Task goal: Starting at the line with "Minimum order price: Enter" and ending at the line with "Karcsú és formás", print exactly the lines of the entries below. Pictures do not belong in the copy.

Supplied entries:
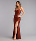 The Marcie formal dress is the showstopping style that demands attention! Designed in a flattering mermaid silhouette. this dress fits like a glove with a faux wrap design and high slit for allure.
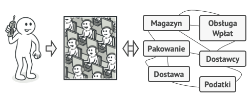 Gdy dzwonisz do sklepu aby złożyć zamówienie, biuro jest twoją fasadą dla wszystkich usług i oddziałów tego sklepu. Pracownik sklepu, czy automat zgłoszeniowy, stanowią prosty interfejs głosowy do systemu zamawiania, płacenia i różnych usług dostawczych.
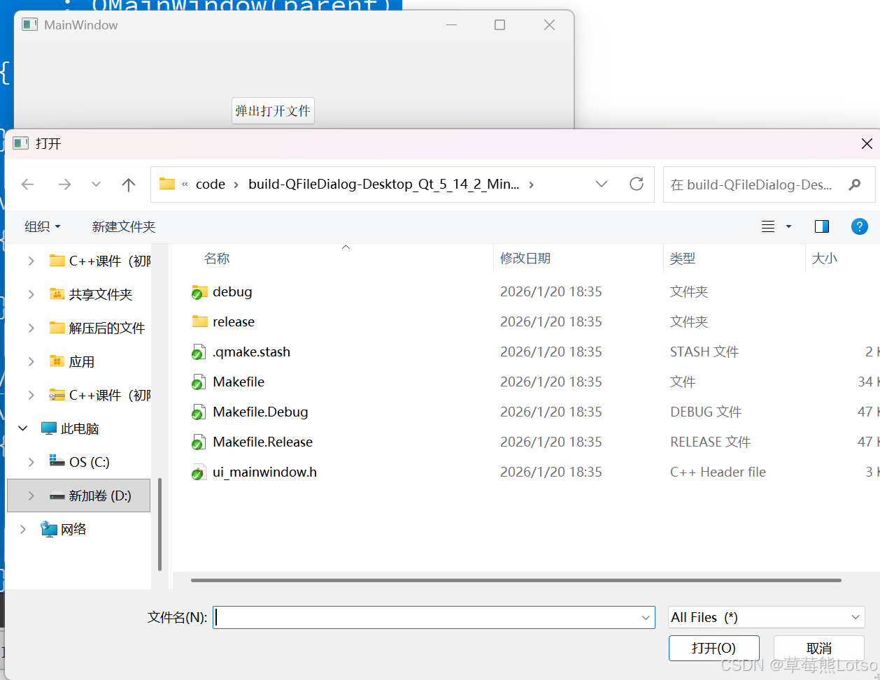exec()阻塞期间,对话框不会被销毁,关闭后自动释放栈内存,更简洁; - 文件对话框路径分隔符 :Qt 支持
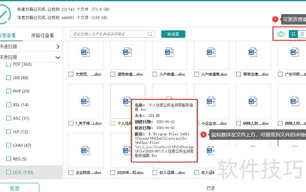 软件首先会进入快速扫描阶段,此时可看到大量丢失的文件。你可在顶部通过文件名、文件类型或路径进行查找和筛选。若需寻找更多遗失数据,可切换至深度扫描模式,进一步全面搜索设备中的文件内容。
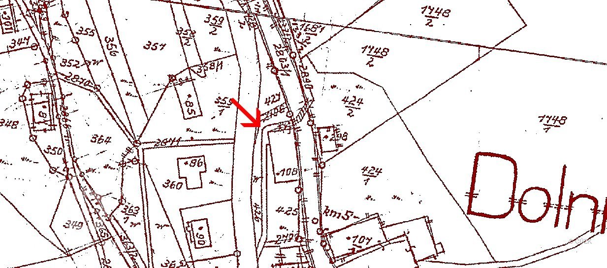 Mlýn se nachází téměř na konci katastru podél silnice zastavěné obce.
...
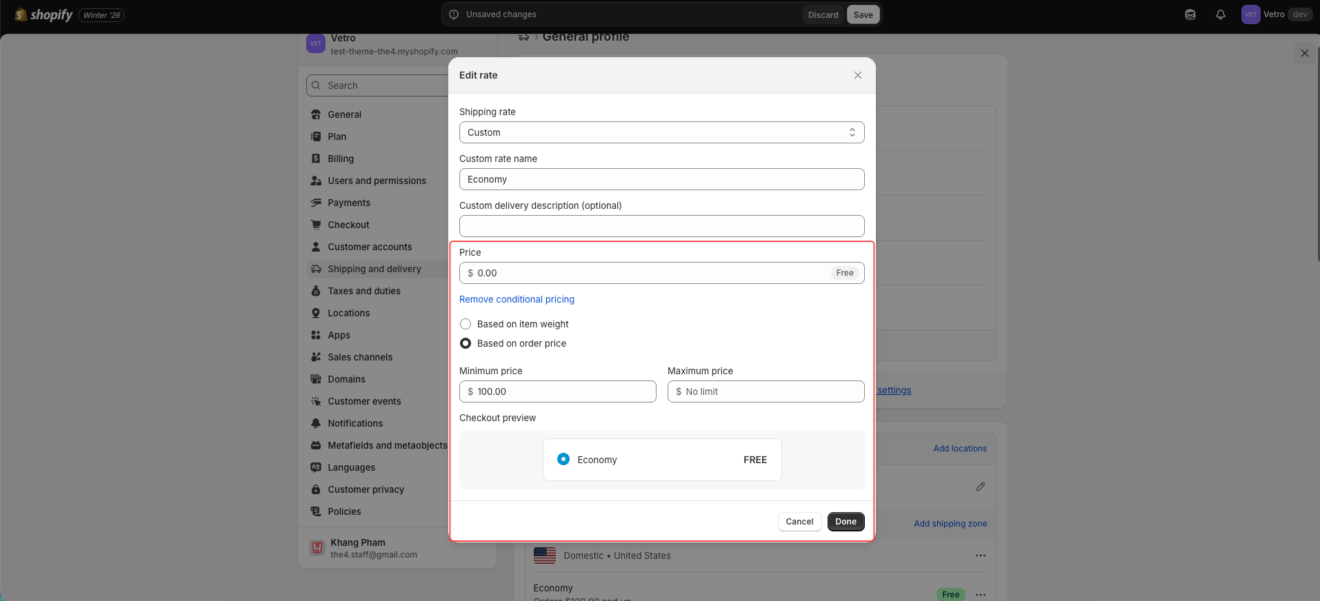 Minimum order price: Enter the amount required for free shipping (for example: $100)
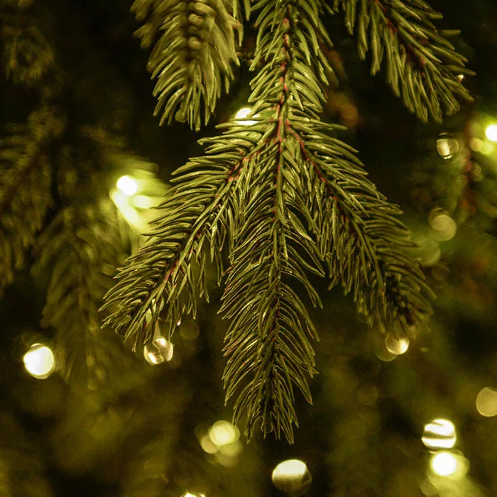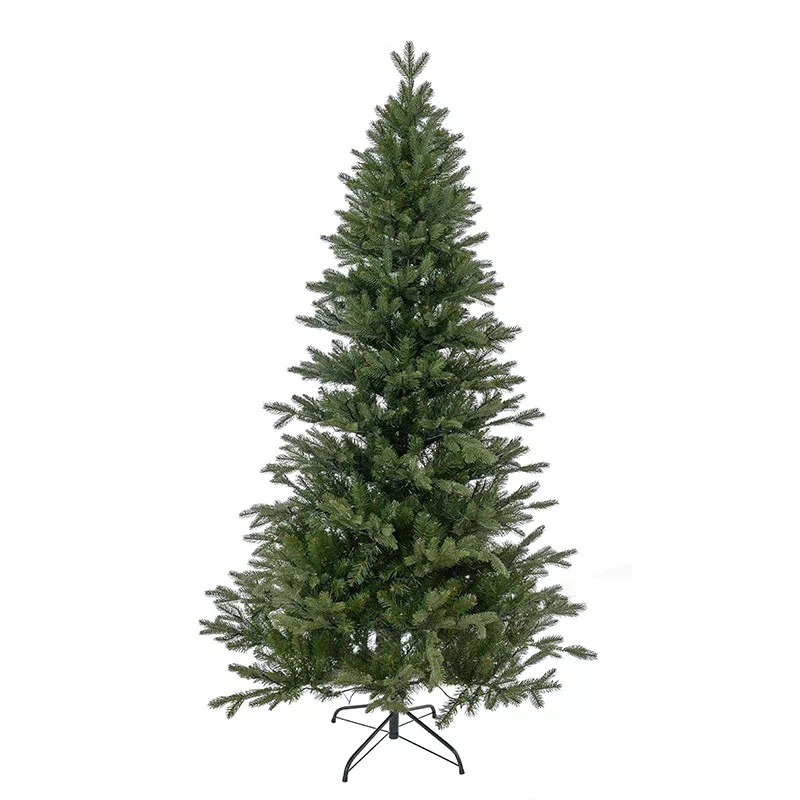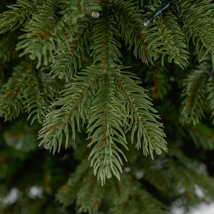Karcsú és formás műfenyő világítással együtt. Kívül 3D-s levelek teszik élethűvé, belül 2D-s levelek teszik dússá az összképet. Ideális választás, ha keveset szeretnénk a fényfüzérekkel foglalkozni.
--
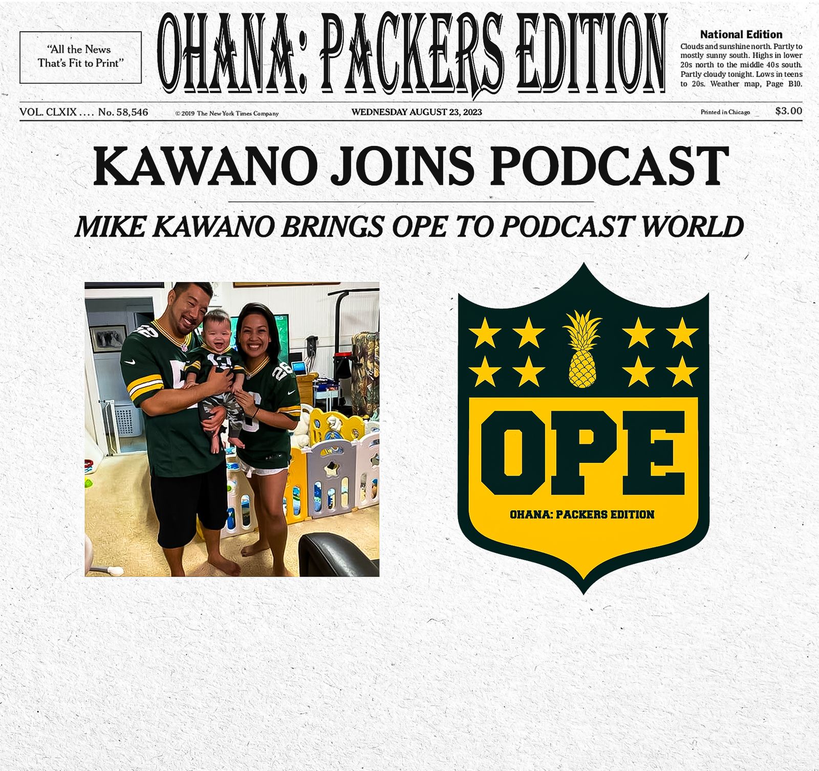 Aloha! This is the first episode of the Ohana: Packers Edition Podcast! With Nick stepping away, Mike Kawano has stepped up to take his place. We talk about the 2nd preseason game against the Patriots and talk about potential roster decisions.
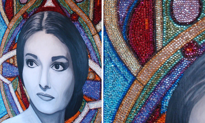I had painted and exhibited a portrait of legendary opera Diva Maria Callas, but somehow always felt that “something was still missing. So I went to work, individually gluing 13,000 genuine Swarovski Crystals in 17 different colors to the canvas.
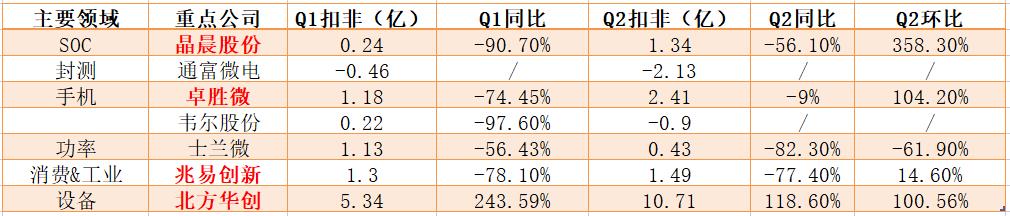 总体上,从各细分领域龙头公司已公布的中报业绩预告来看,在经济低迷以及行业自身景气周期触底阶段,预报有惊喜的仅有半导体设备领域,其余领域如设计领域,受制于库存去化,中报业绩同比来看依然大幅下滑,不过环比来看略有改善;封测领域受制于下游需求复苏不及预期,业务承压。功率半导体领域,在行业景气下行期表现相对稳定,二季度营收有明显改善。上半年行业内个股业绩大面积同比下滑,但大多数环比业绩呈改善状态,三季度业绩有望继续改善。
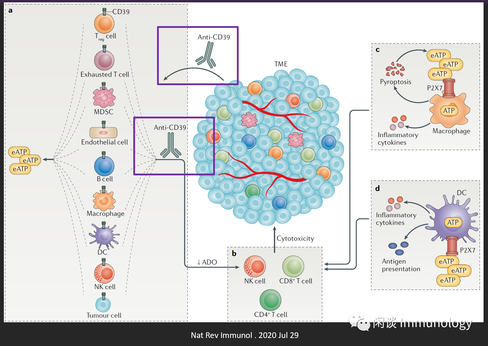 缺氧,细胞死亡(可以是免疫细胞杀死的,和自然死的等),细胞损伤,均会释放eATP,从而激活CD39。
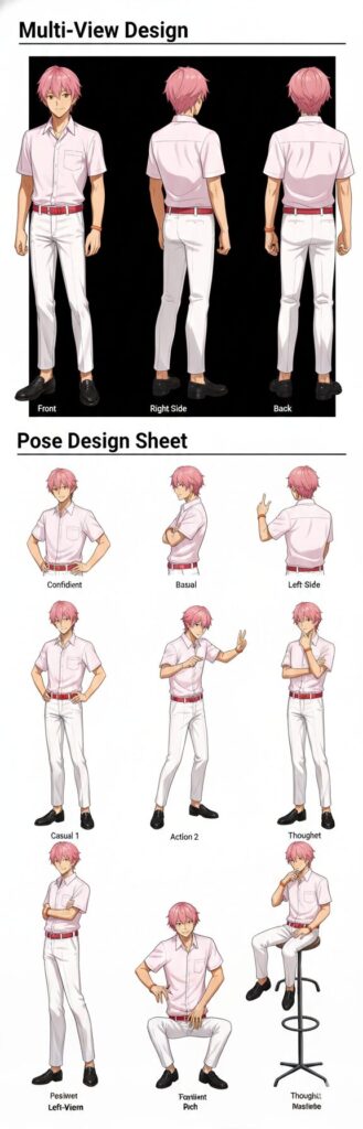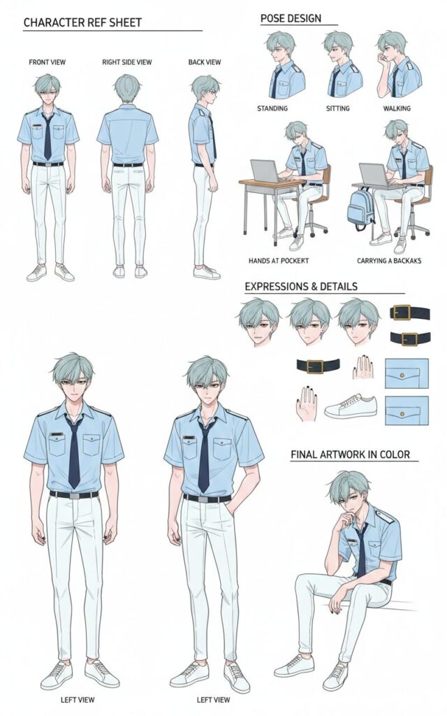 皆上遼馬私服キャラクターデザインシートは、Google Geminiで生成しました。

Answer below:
 Minimum order price: Enter the amount required for free shipping (for example: $100)
Karcsú és formás műfenyő világítással együtt. Kívül 3D-s levelek teszik élethűvé, belül 2D-s levelek teszik dússá az összképet. Ideális választás, ha keveset szeretnénk a fényfüzérekkel foglalkozni.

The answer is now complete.